* [Available data]
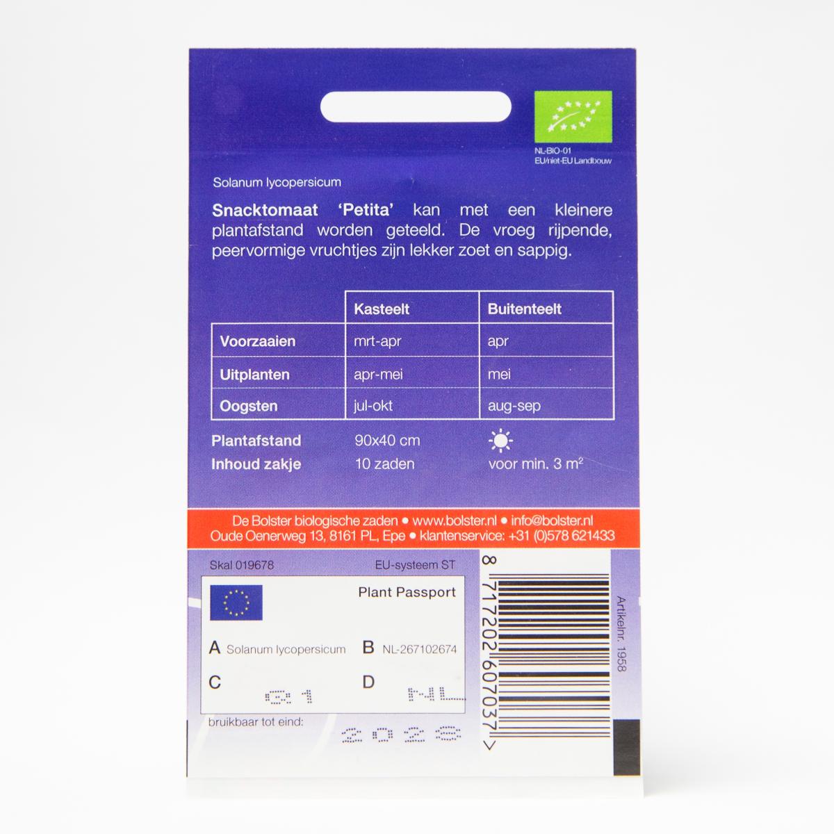De snacktomaat 'Petita' levert peervormige tomaatjes met een zoete, sappige smaak. De teelt heeft relatief weinig bemesting nodig. Vroeg rijpend en makkelijk te telen! Eén zakje is voor min. 3 m2, en de plantafstand bedraagt 90x40 cm.
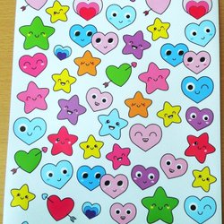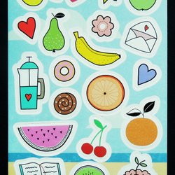 6 ARK STICKERS: FRUKTER, BLOMMOR, FJÄRILAR, KALAS; HJÄRTAN, STJÄRNOR
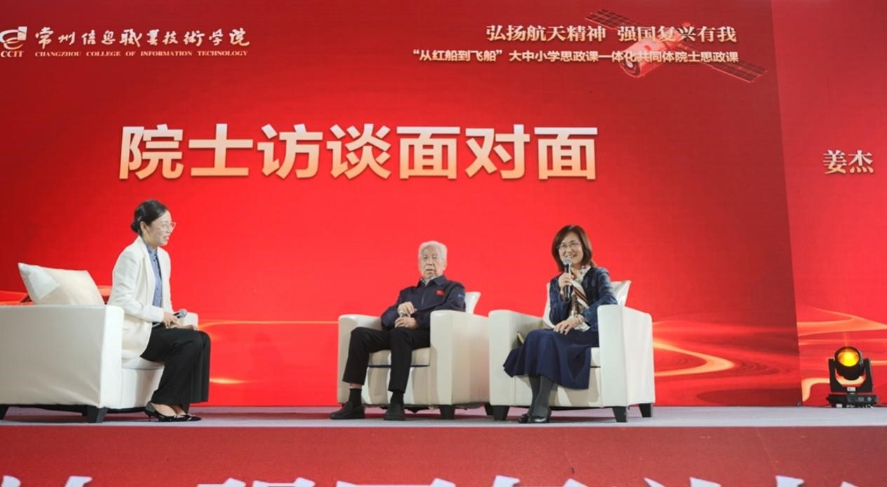 10月28日,常州信息职业技术学院领衔“从红船到飞船”大中小学思政课一体化共同体12家成员单位,举办“弘扬航天精神、强国复兴有我——院士思政课”。中国工程院院士、运载火箭系列总设计师、国家首次月球探测工程副总设计师龙乐豪和中国科学院院士、长征三号甲系列火箭总设计师姜杰来到师生们中间,讲述航天故事、弘扬航天精神,激励师生砥砺强国之志、实践报国之行。
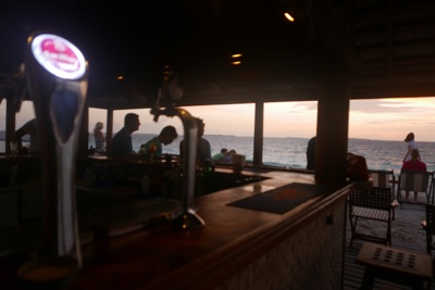 サンセットバーに着くとすでにたくさんの人たちが集まって来ていた。海に沈む大きな夕日を見ながら飲むビールは最高だ。
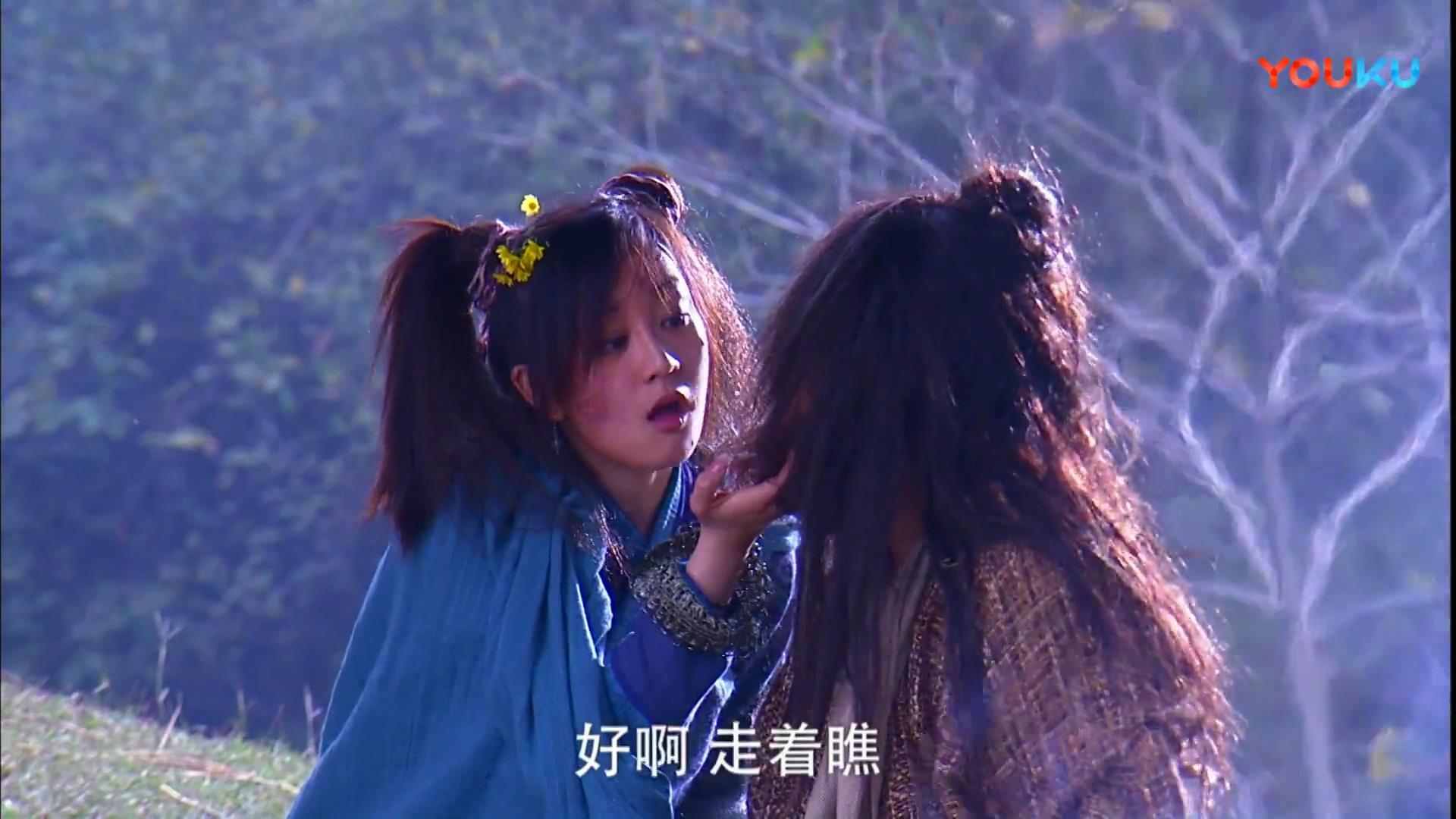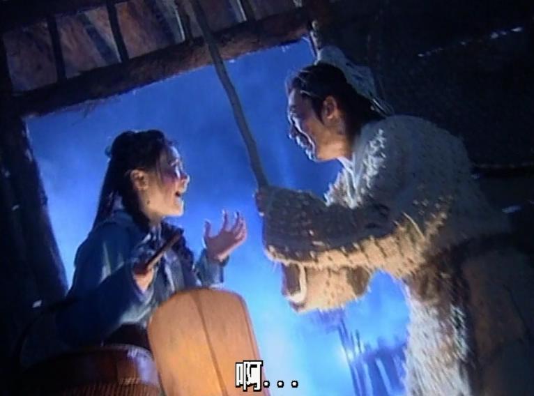 張檬(當時叫張萌,與另一位女演員同名)的殷離蹦蹦跳跳的,活潑的像個多動癥兒童,說話和行動像個傻姑,不過倒也挺可愛,殷離身上自帶的邪性被表現(xiàn)了出來,就手下留情不截動圖了。
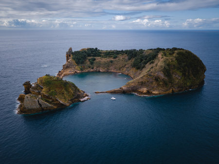 Ilheu de Vila Franca is stunning volcanic islet off Sao Miguel, Azores, a natural paradise for snorkeling, swimming, and coastal exploration. High quality photo
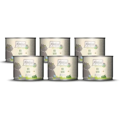MjAMjAM Premium wet food for cats naturally delicious BIO beef, 6 pack (6 x 200g), grain free with extra meat
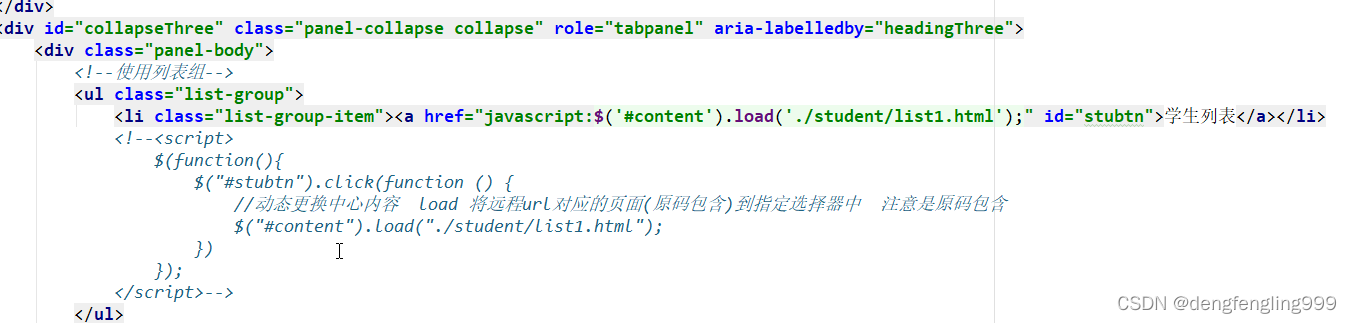 student/list1.html中心内容部分:
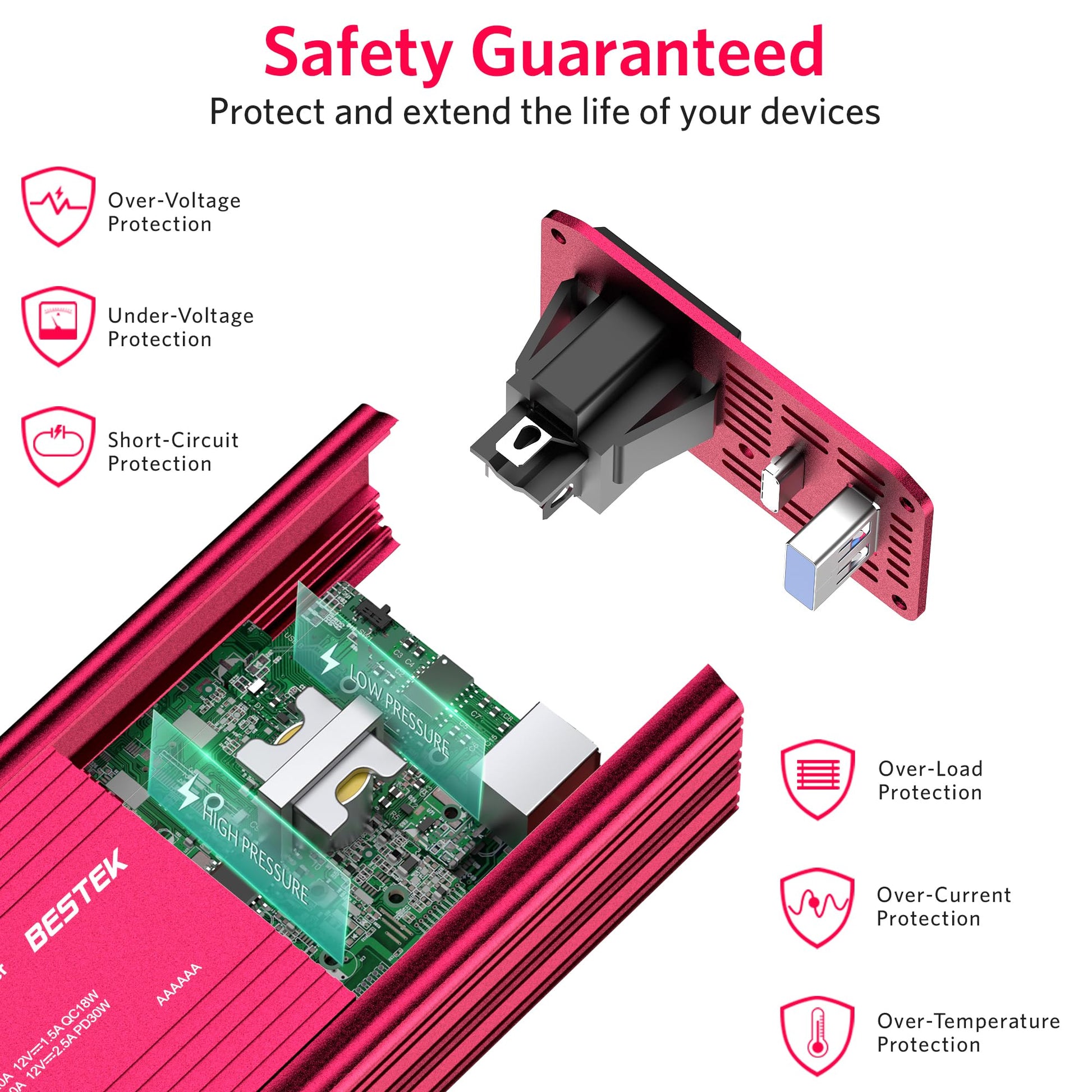 • BESTEK ADVANTAGE: America's leading power inverter brand. Provides 200 Watts continuous DC 12v to AC 110v power inverter featuring PD 20W&QC 18W USB ports, 1 AC outlet, and a 24-inch cable with cigarette lighter plug.
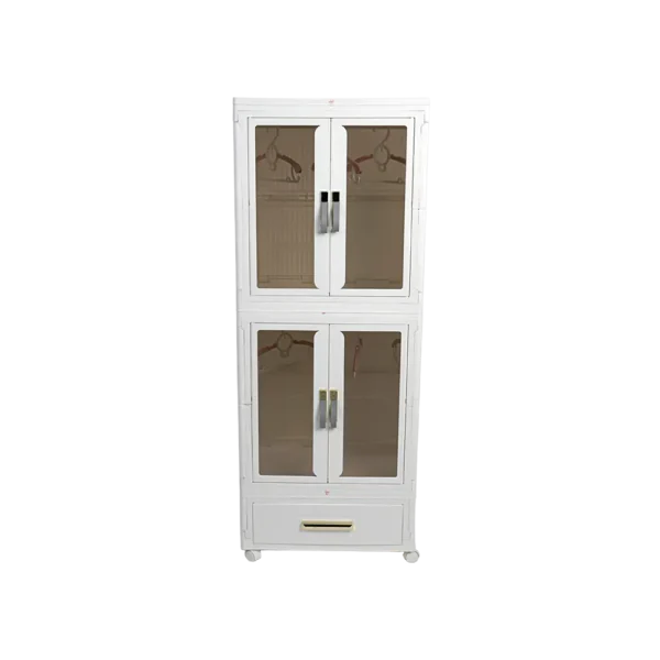 Additional enclosed drawer at the base for storing folded clothes, shoes, or miscellaneous items.
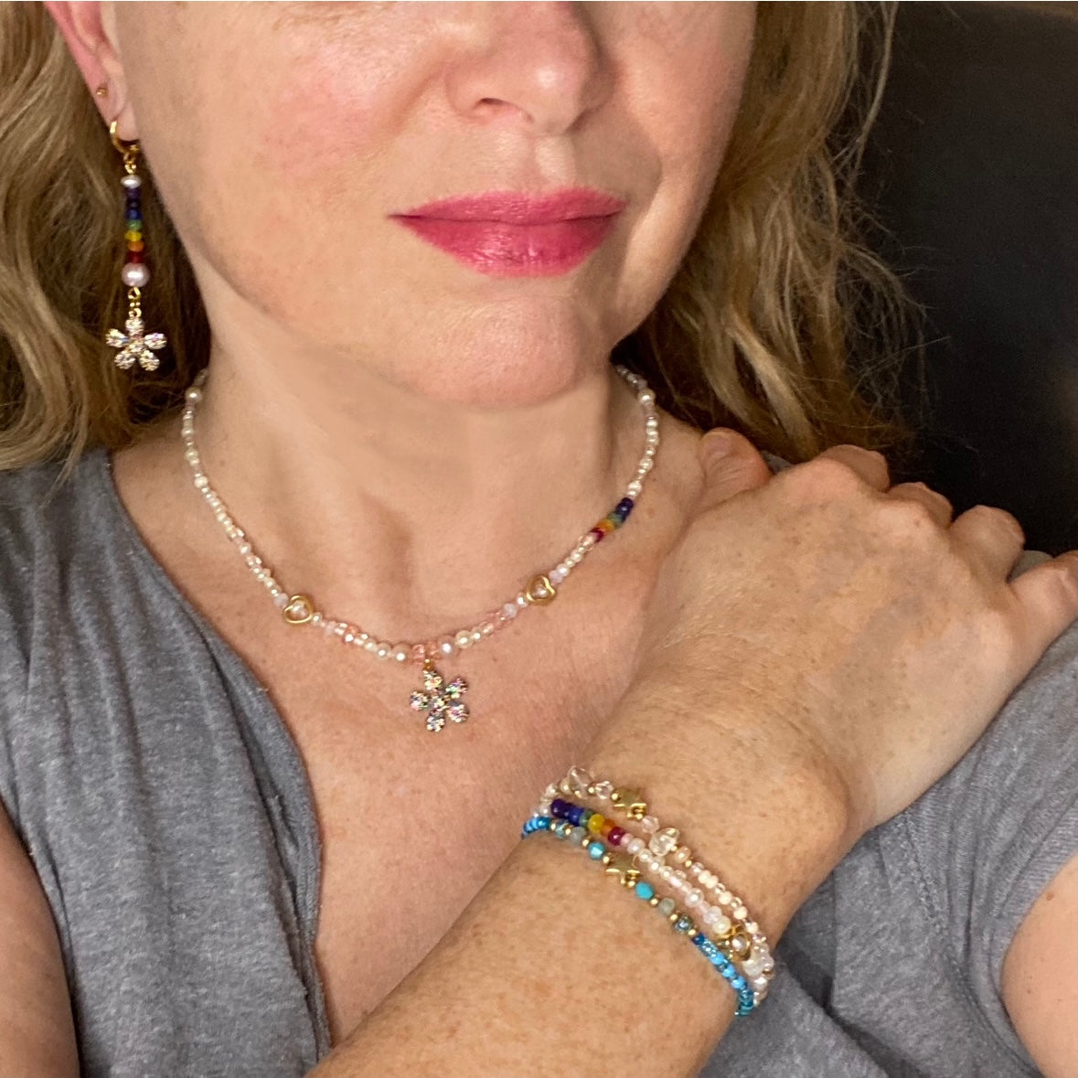 Daisy, Pearl and Precious Rainbow Earrings
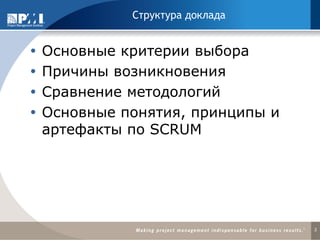 Документ представляет собой обзор гибких методологий разработки программного обеспечения, включая их историю, принципы и сравнение с традиционными подходами. Гибкие методологии, такие как Scrum, акцентируют внимание на итеративной разработке, удовлетворении потребностей клиента и вовлеченности конечных пользователей. В документе также рассматриваются преимущества и недостатки различных методологий, а также критерии выбора подхода для проектов.
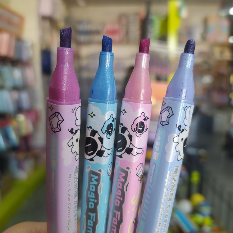 درخشش اکلیلی (Glitter): برخلاف هایلایترهای معمولی، این مدل دارای ذرات ریز اکلیلی است که زیر نور میدرخشد و نکات مهم جزوه شما را متمایز میکند.
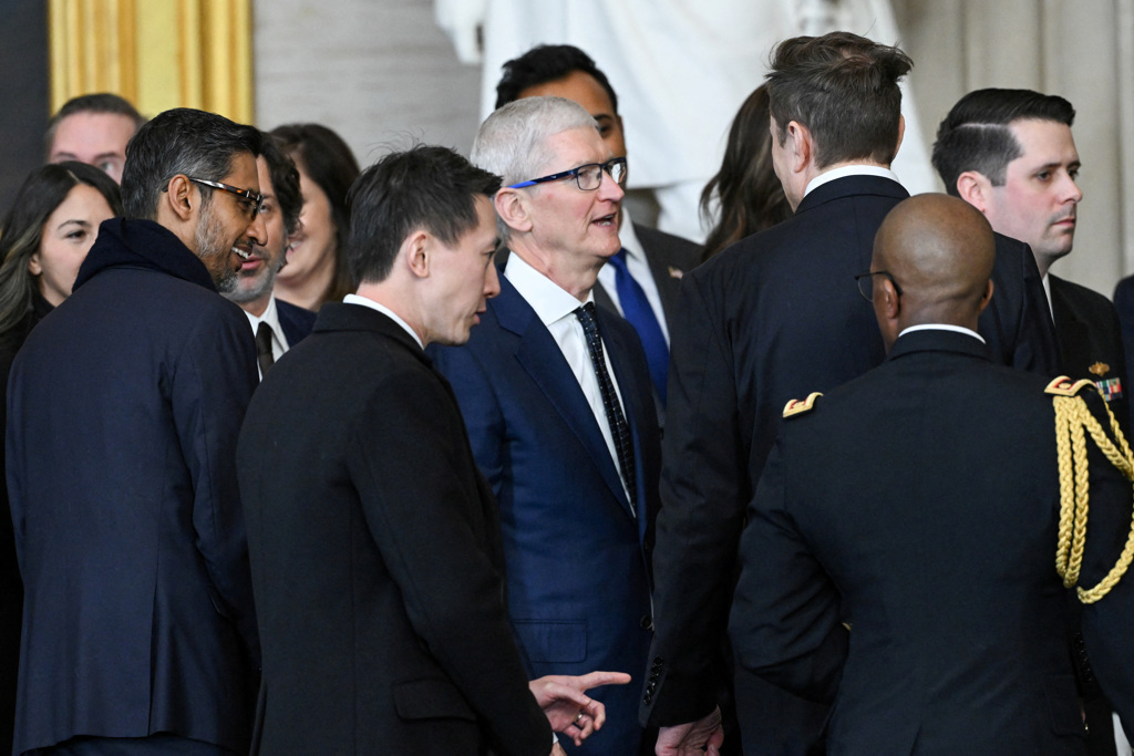 特朗普演說結(jié)束、就職大典禮成之后,馬斯克也與蘋果(Apple)執(zhí)行長庫克(Tim Cook)、TikTok執(zhí)行長周受資、谷歌執(zhí)行長皮查伊聚在一起談話。

* [Task brief] The output should hold only the lines from the one containing "10月28日,常州信息职业技" through the last line of the listing, reproduced exactly, pictures omitted.

* [Output for this task]
 10月28日,常州信息职业技术学院领衔“从红船到飞船”大中小学思政课一体化共同体12家成员单位,举办“弘扬航天精神、强国复兴有我——院士思政课”。中国工程院院士、运载火箭系列总设计师、国家首次月球探测工程副总设计师龙乐豪和中国科学院院士、长征三号甲系列火箭总设计师姜杰来到师生们中间,讲述航天故事、弘扬航天精神,激励师生砥砺强国之志、实践报国之行。
 サンセットバーに着くとすでにたくさんの人たちが集まって来ていた。海に沈む大きな夕日を見ながら飲むビールは最高だ。
 張檬(當時叫張萌,與另一位女演員同名)的殷離蹦蹦跳跳的,活潑的像個多動癥兒童,說話和行動像個傻姑,不過倒也挺可愛,殷離身上自帶的邪性被表現(xiàn)了出來,就手下留情不截動圖了。
 Ilheu de Vila Franca is stunning volcanic islet off Sao Miguel, Azores, a natural paradise for snorkeling, swimming, and coastal exploration. High quality photo
MjAMjAM Premium wet food for cats naturally delicious BIO beef, 6 pack (6 x 200g), grain free with extra meat
 student/list1.html中心内容部分:
 • BESTEK ADVANTAGE: America's leading power inverter brand. Provides 200 Watts continuous DC 12v to AC 110v power inverter featuring PD 20W&QC 18W USB ports, 1 AC outlet, and a 24-inch cable with cigarette lighter plug.
 Additional enclosed drawer at the base for storing folded clothes, shoes, or miscellaneous items.
 Daisy, Pearl and Precious Rainbow Earrings
 Документ представляет собой обзор гибких методологий разработки программного обеспечения, включая их историю, принципы и сравнение с традиционными подходами. Гибкие методологии, такие как Scrum, акцентируют внимание на итеративной разработке, удовлетворении потребностей клиента и вовлеченности конечных пользователей. В документе также рассматриваются преимущества и недостатки различных методологий, а также критерии выбора подхода для проектов.
 درخشش اکلیلی (Glitter): برخلاف هایلایترهای معمولی، این مدل دارای ذرات ریز اکلیلی است که زیر نور میدرخشد و نکات مهم جزوه شما را متمایز میکند.
 特朗普演說結(jié)束、就職大典禮成之后,馬斯克也與蘋果(Apple)執(zhí)行長庫克(Tim Cook)、TikTok執(zhí)行長周受資、谷歌執(zhí)行長皮查伊聚在一起談話。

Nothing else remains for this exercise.